Yesterday I signed up for a Twitter account, to see what all the fuss was about. I was more interested in it as a social phenomenon than because I actually wanted to use it. Which probably indicates that I’m getting old.

For those who don’t know it, Twitter is all the rage amongst the youth of today. You can type out a few words saying what you’re currently doing, and anyone interested in watching can keep up to date with your exciting life. Twitter is to instant messaging what blogging is to email; it’s chiefly a broadcasting mechanism rather than a conversation.
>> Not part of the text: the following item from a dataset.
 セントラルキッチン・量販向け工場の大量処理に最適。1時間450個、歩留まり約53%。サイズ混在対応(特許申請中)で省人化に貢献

This is very convenient for the youth of today, who would otherwise need to send the same updates to their 15 simultaneous IM conversations.

You can send Twitter updates using your mobile, via the web, using an IM client, or a dedicated application, and you can keep track of your friends in a variety of ways including via RSS.
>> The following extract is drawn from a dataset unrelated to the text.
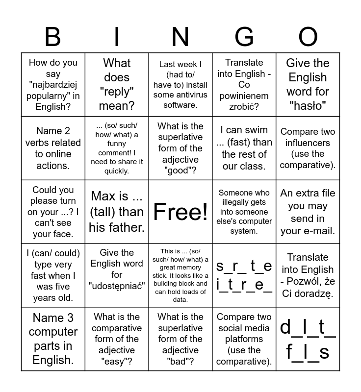 This bingo card has a free space and 24 words: Give the English word for "udostępniać", What is the comparative form of the adjective "easy"?, What is the superlative form of the adjective "good"?, Name 3 computer parts in English., Give the English word for "hasło", How do you say "najbardziej popularny" in English?, Name 2 verbs related to online actions., What does "reply" mean?, Someone who illegally gets into someone else's computer system., This is ... (so/ such/ how/ what) a great memory stick. It looks like a building block and can hold loads of data., I can swim ... (fast) than the rest of our class., Could you please turn on your ...? I can't see your face., s_r_ t_e i_t_r_e_, Translate into English - Pozwól, że Ci doradzę., ... (so/ such/ how/ what) a funny comment! I need to share it quickly., Compare two social media platforms (use the comparative)., An extra file you may send in your e-mail., Last week I (had to/ have to) install some antivirus software., Compare two influencers (use the comparative)., Max is ... (tall) than his father., d_l_t_ f_l_s, I (can/ could) type very fast when I was five years old., Translate into English - Co powinienem zrobić? and What is the superlative form of the adjective "bad"?.

To clarify things, here’s the ‘History of blogging’:

History of blogging

(Many thanks to Dave Briggs, who found this on Mashable.)

Call me

Quote of the day comes from Stephen Uhler of Sun, who, in his talk at eTel, said:

Cellphones have reduced peoples’ expectation of the phone system to the point where VoIP is now viable.

He’s quite right – it wasn’t that long ago that you would have been very surprised, upset even, if a phone call were just to hang up unexpectedly…

Now, as a friend and I once discussed, there’s a problem. We need a new social convention. When the line drops, who should re-initiate the call? The person who made the call in the first place? The person with the cheapest outgoing charges?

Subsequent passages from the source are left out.